The decision to move the strike group from the Mediterranean to the Caribbean under SOUTHCOM to bolster counter-narcotics operations has left the U.S. Navy without a carrier strike group in the Middle East and Europe at a time of continued and rising tension with Iran. The move has reduced the number of carrier platforms available to respond immediately to Middle East contingencies, limiting immediate air attack capability and thereby affecting deterrence posture, too.
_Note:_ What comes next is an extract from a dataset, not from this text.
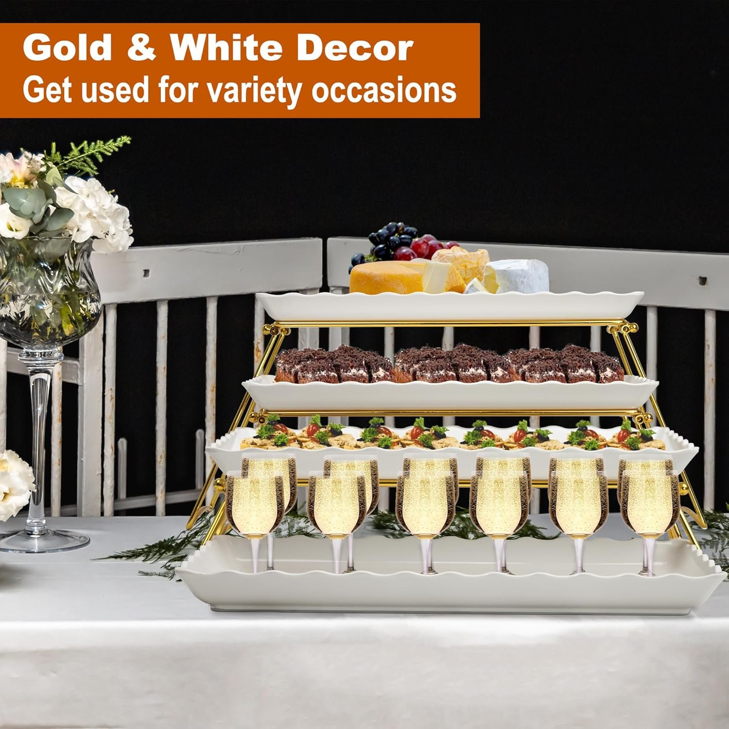 VERSATILE TIERED SERVING STAND GETS USED FOR ANY OCCASIONS: The food stand adds height to your tablescape, makes the food appear more appealing. Enhanced any special event with this elegant serving platter set for party. It’s perfect for birthdays, weddings, Bridal Shower, anniversary, holidays, hospitality business, kids and adult parties, formal gatherings, dances balls, buffets, dessert bar, retirement party and more entertaining. There is no limit but your imagination on how to use these trays and stands, either together or apart

The absence of an aircraft carrier – and its air wing – in the Middle East is a major operational trade-off that was made as a result of finite assets being committed in overlapping theaters. Though other naval assets, such as destroyers, littoral combat ships, and shore-based air forces, can partially fill gaps, they cannot fully replicate the sustained, layered air power and command and control that a carrier strike group can provide. 

While the U.S. is by no means ill-equipped, the situation surrounding the Gerald R. Ford strike groups reflects a broader structural problem facing the U.S. Navy: persistent global demand rubbing up against a carrier force with little to no flexibility. 

According to U.S. Navy fleet-tracking data compiled by the United States Naval Institute, only a small number of America’s 11 aircraft carriers are deployable at any given time due to maintenance and training cycles, limiting surge capacity amid overlapping crises. Analysts have warned for years that repeated deployment extensions risk worsening existing maintenance backlogs and accelerating long-term readiness decline – a concern that has also been echoed in multiple Government Accountability Office assessments on the matter. 

Caudle’s stated resistance to extending Gerald R. Ford’s deployment is by no means a fringe concern – it reflects growing concern about America’s overall readiness and reveals an uncomfortable truth: America’s shipbuilding industry is struggling with major infrastructure, workforce, and capacity challenges that limit deployment flexibility. 

About the Author: 

Jack Buckby is a British researcher and analyst specialising in defence and national security, based in New York. His work focuses on military capability, procurement, and strategic competition, producing and editing analysis for policy and defence audiences. He brings extensive editorial experience, with a career output spanning over 1,000 articles at 19FortyFive and National Security Journal, and has previously authored books and papers on extremism and deradicalisation.